Visualizing Eurostat data

[2]:
import numpy as np
import pandas as pd

import geopandas as gpd

import seaborn as sns
import matplotlib.pyplot as plt
from matplotlib.pyplot import cm

import geoplot as gplt
import geoplot.crs as gcrs

from tqdm.auto import tqdm

from rwrap import eurostat
[3]:
sns.set_context('talk')

Retrieving geographical information

The NUTS classification subdivides each member state into regions at three different levels, covering NUTS 1, 2 and 3 from larger to smaller areas (https://ec.europa.eu/eurostat/web/nuts/background).

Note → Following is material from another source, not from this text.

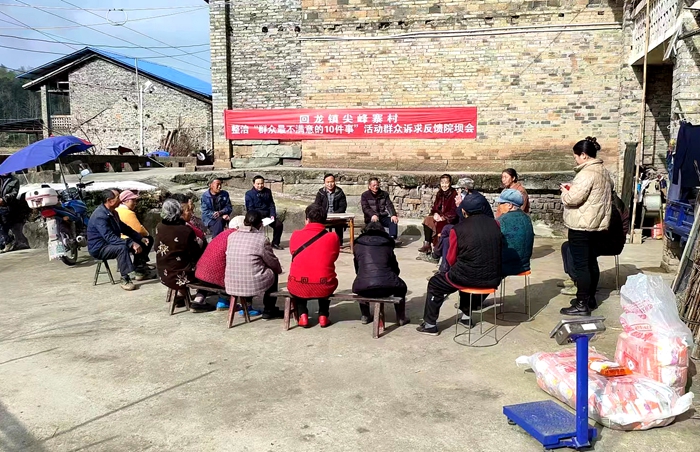 回龙镇尖峰寨村支部书记肖中华组织召开院坝会听取村民意见建议

Eurostat provides this geographical data in various formats (https://ec.europa.eu/eurostat/web/gisco/geodata/reference-data/administrative-units-statistical-units, looks for “NUTS”).

The filename of each dataset follows a specific format: <theme>_<spatialtype>_<resolution>_<year>_<projection>_<subset>.<extension> (check https://ec.europa.eu/eurostat/cache/GISCO/distribution/v2/nuts/nuts-2016-files.html for more information).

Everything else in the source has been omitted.